Progress in electrolyte research for non-aqueous sodium ion batteries

doi:10.19799/j.cnki.2095-4239.2020.0192

Abstract

Abstract:

Sodium ion batteries are promising for large scale energy storage due to high abundance and low cost of sodium resources. So far, researchers have proposed several possible cathode and anode materials for sodium ion batteries. Electrolytes, serving as the media for redox reactions on cathode and anode, largely determine the electrode-electrolyte interfaces through the redox window, Na⁺ diffusion and migration, solvation structure of Na ions, and the coupled Na cation-anion-solvent (or solid framework) correlations etc. The electrolyte and interface play important roles in the thermodynamic and kinetics situations in sodium ion batteries, such as the electrode material stability, SEI formation, battery rate performance, thermal stability and cycling performance.

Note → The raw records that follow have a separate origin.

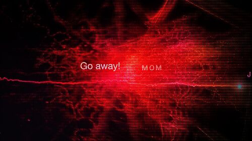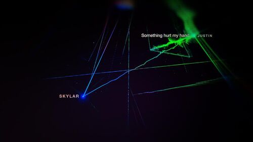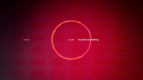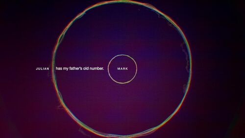 在第一次通话时,较细的同心圆从Mark中心自内而外慢慢扩大,"my hand is bleeding"同时背景色变成红色(红色在本剧中意味着鲜血,经常会出现)
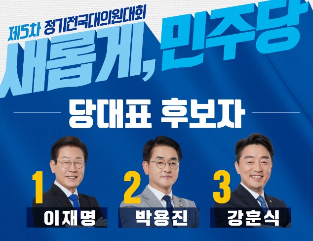 28일 민주당은 당대표 본경선 후보로 박용진, 이재명, 강훈식 3명을 결정했다. 내달 6일부터 전국을 순회하고, 8월 28일 전당대회에서 당대표를 최종 선출한다.
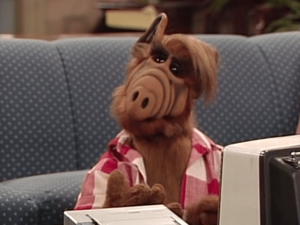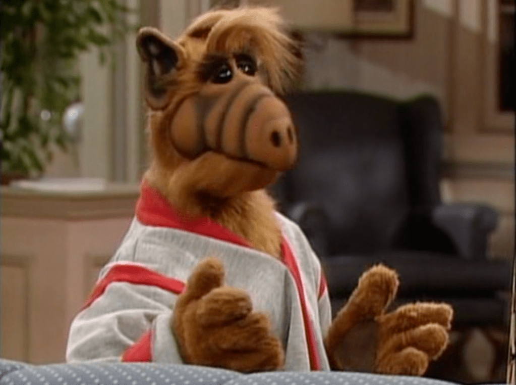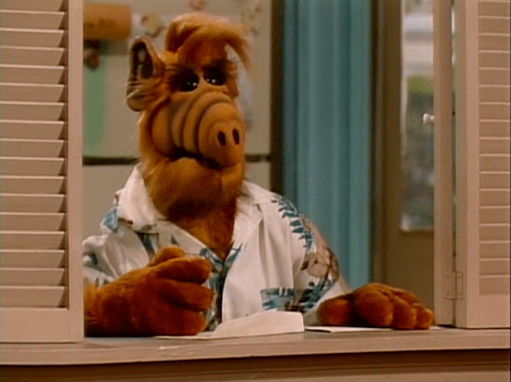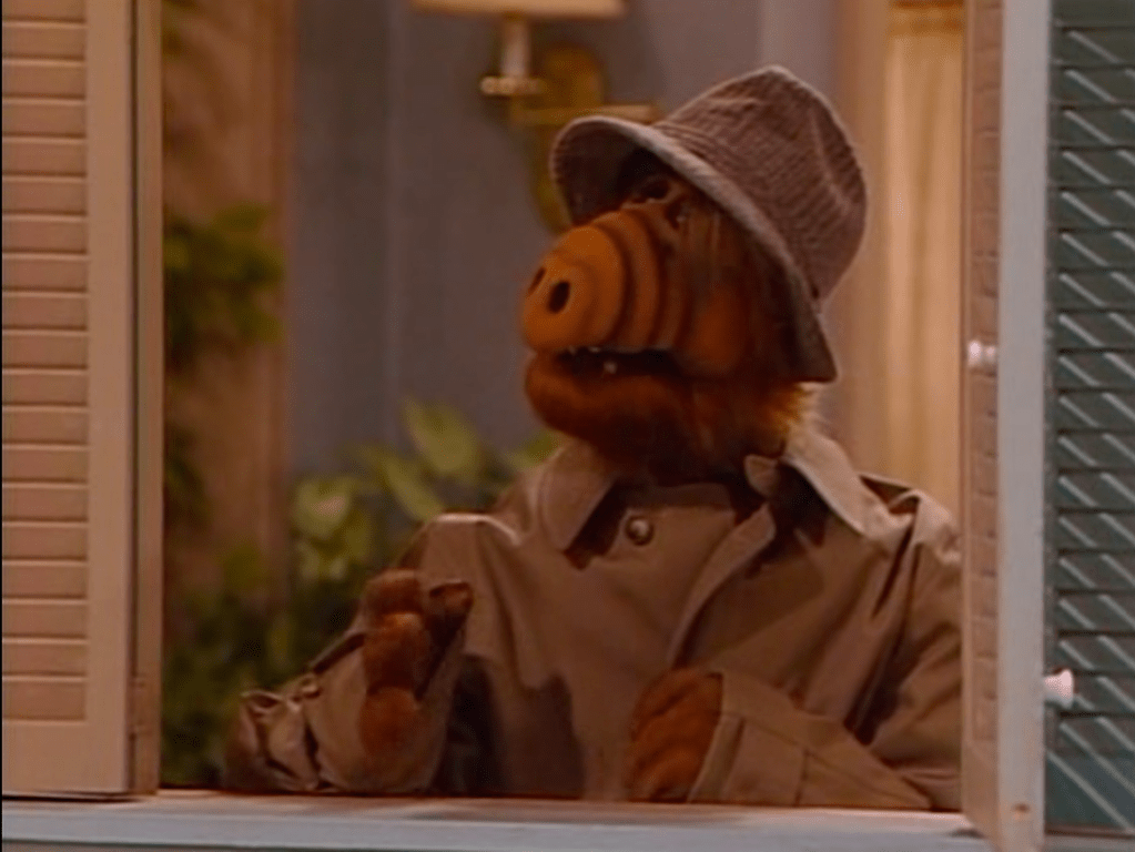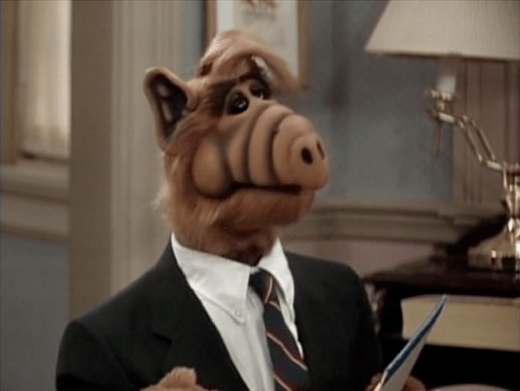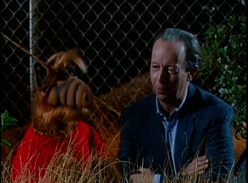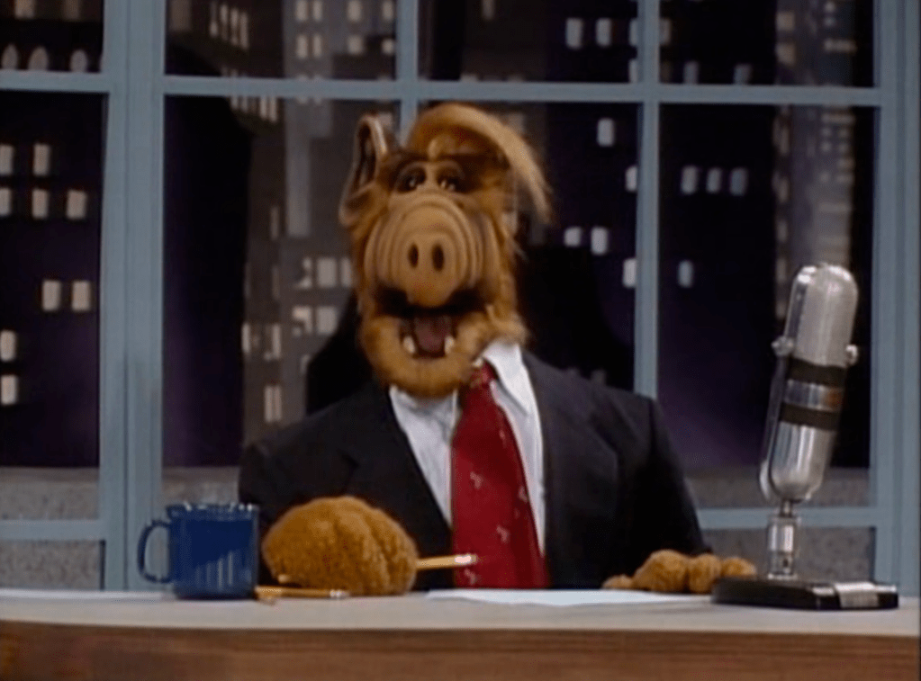 In one of ALF’s fantasies of revealing himself to the world, he serves as a substitute host for David Letterman in a suit.

In this work, we reviewed recent progresses in non-aqueous liquid and solid electrolytes for sodium ion batteries. The physicochemical properties of electrolytes and their remaining issues such as low ionic conductivity, narrow electrochemical window and poor stability of SEI layers are carefully discussed. The commercialization of sodium ion battery technology still requires development of functional and low-cost sodium ion battery electrolyte and comprehensive understanding the electrode-electrolyte interface properties.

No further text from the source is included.